L’expression “c’est un bon gros” est révélatrice de cet état de fait
et de la négligence avec laquelle on l’a trop longtemps traitée. Cependant, en
dehors de son impact sur la santé publique, c’est l’aspect économique de ses
conséquences sur la santé, avec le chapelet de troubles associés (diabète, troubles
cardiovasculaires, cancer, etc.), et son apparition de plus en plus précoce dans
la vie des individus qui ont fait pre n d re conscience depuis quelques années
du caractère crucial de ce problème. En France, une récente expertise faite par
l’INSERM a montré un quadruplement (de 3 à 12 %) de la prévalence de
l’obésité chez les enfants. Ce phénomène, qui se poursuit à l’heure actuelle,
puisque l’on atteint 16 %, est mondial ; il existe à des degrés divers en Europe,
et à un niveau maximum aux États-Unis, où près de 50 % de la population est
en surpoids ou obèse.
Il faut noter aussi que le pourcentage des formes les plus sévères d’obésité,
caractérisées par un index de masse corporelle (poids/taille au carré ) supérieur
à 40, est en augmentation rapide. Le traitement de ces obésités “morbides”
nécessite des interventions plus radicales. Ce sont les cas typiques dans lesquels la chirurgie abdominale ou plastique peut être prescrite. Une approche
aussi drastique n’est cependant pas nécessaire pour la majorité des obèses.

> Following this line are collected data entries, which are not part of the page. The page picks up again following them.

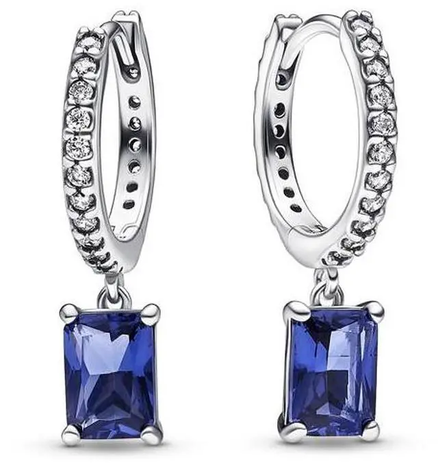 Do you find yourself drawn to both classic and contemporary styles at once Wear a set of sparkling hoop earrings that bring together the best of both worlds in a playful and daring way. Our sterling silver hoop earrings with rectangular radiant-cut princess blue man-made crystals capture timeless elegance combining vibrant and clear stones to create a modern and elevated style you can wear every day.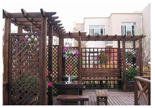 3、水是很多花園設(shè)計(jì)里不行缺的精靈,它可以與別墅花園中的統(tǒng)統(tǒng)元素共同構(gòu)成一幅優(yōu)美的水景圖。而木料在家庭庭院中可以說是起著點(diǎn)睛的作用。戶外家具,花槽、花架、秋千椅、圍欄,無論用在庭院中的任何角落,它都市給人創(chuàng)造一種溫馨、安寧、自然、和諧的氛圍,滿意人們對自然回歸的急迫渴望。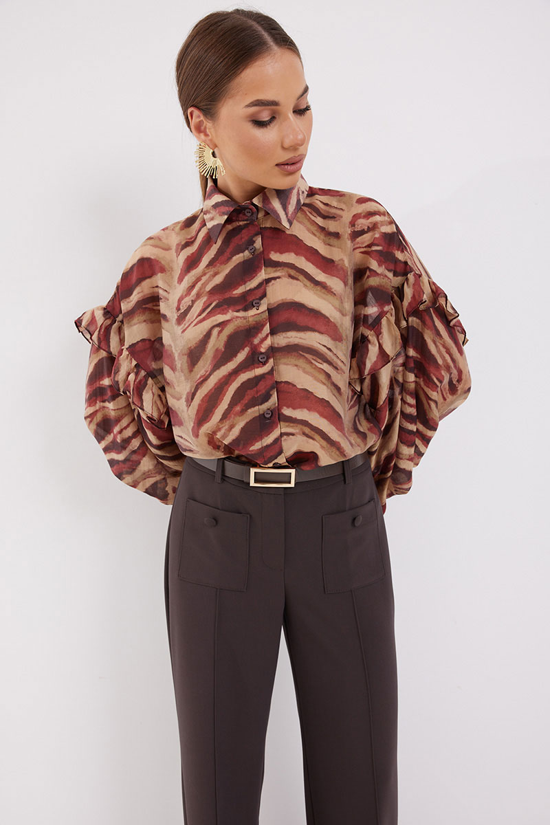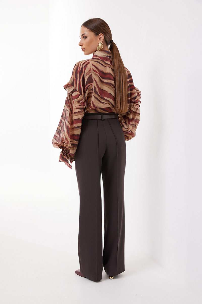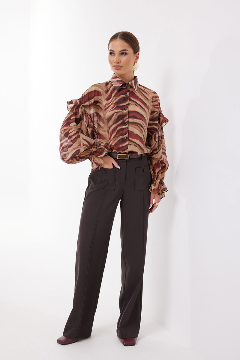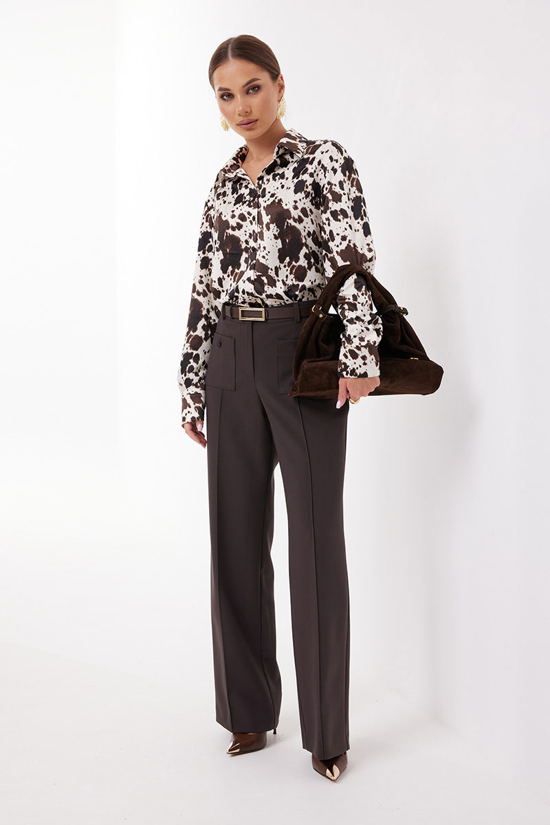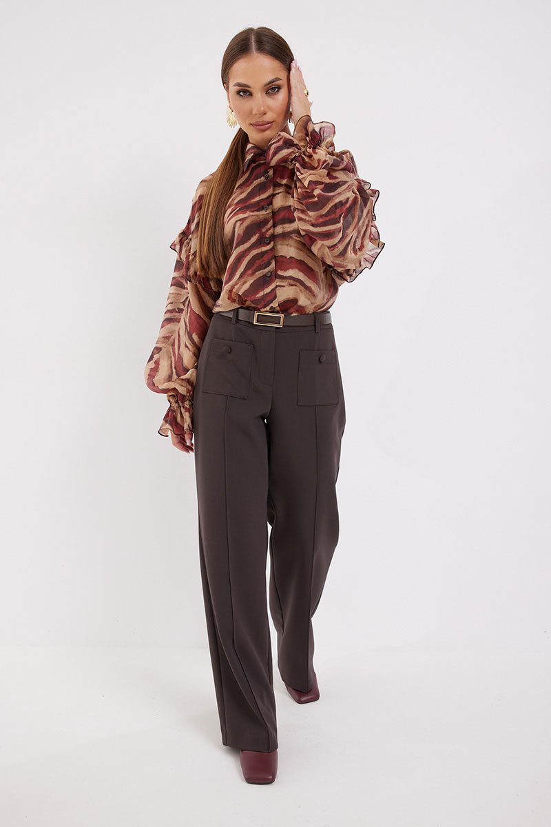 Брюки прямые с прошитой стрелкой по передней и задней половинке. Верх на поясе со шлевками. Ширинка на молнии и удлиненный пояс со скрытой застежкой на пуговицу и крючок. В верхней части переда накладные карманы.

L’obésité est le résultat d’un bilan énergétique positif, et le bon sens voudrait
qu’il se régularise par une diminution des apports et une augmentation des
dépenses. Malheureusement, ceci ne conduit au succès que lorsque l’individu
s’impose une discipline constante sur le plan de la nutrition et de l’exercice
physique, et ce, sur de longues périodes. C’est dans ces conditions que l’on
peut constater que les aspects psychologiques et cognitifs jouent également
un grand rôle. Les quatre articles de ce dossier “Actualités biologiques de la
régulation du poids” montrent bien la complexité des mécanismes qui régulent
le comportement alimentaire et le poids corporel. Cette finesse de régulation
est nécessaire pour faire face à toutes les situations de disponibilité alimentaire et assurer la survie de l’individu dans des conditions très variables. Ainsi,
de nombreux mécanismes ont eu pour objectif le stockage de l’énergie
pendant les périodes d’abondance, afin de surmonter les périodes de disette.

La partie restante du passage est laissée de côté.